## INFORMATION SUPPLIED
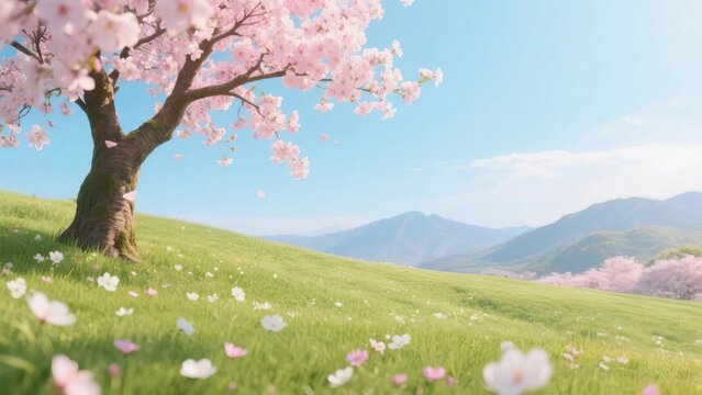 Verdant Hill Blooming with Yellow Flowers in Spring. 3D render.
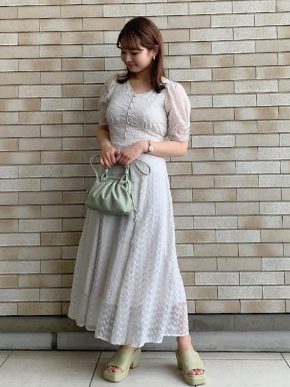 archivesのワンピース「刺繍切替ワンピース」を使ったコーディネート
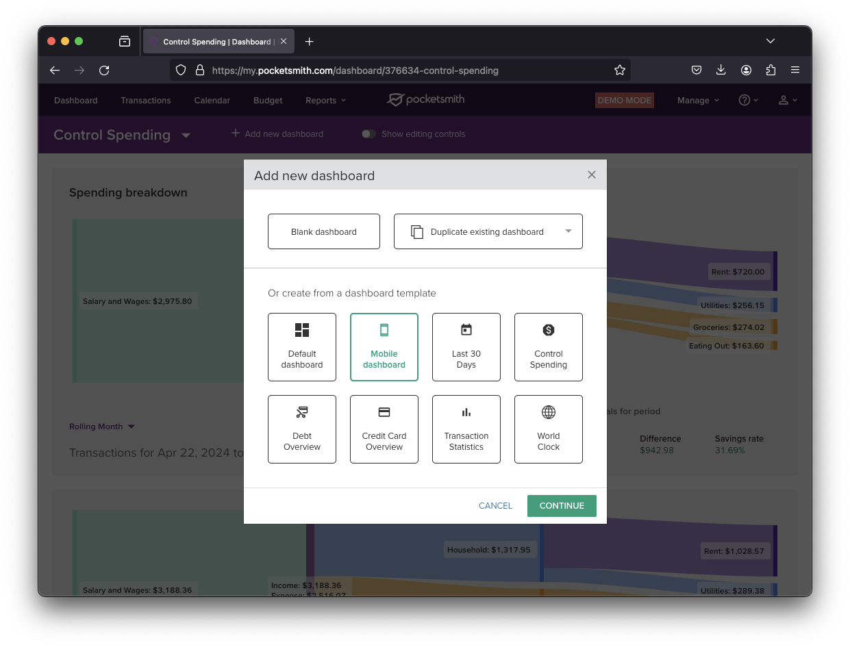 You can find this template when clicking “Add new dashboard” on the web application. Then when you load the Dashboard on mobile, if you’ve not previously selected a dashboard on your device, the first one with “mobile” in the dashboard name will be chosen automatically.

## ACTIVITY
Each line above must be set down exactly, though no picture should be carried over.

## EXPECTED OUTPUT
 Verdant Hill Blooming with Yellow Flowers in Spring. 3D render.
 archivesのワンピース「刺繍切替ワンピース」を使ったコーディネート
 You can find this template when clicking “Add new dashboard” on the web application. Then when you load the Dashboard on mobile, if you’ve not previously selected a dashboard on your device, the first one with “mobile” in the dashboard name will be chosen automatically.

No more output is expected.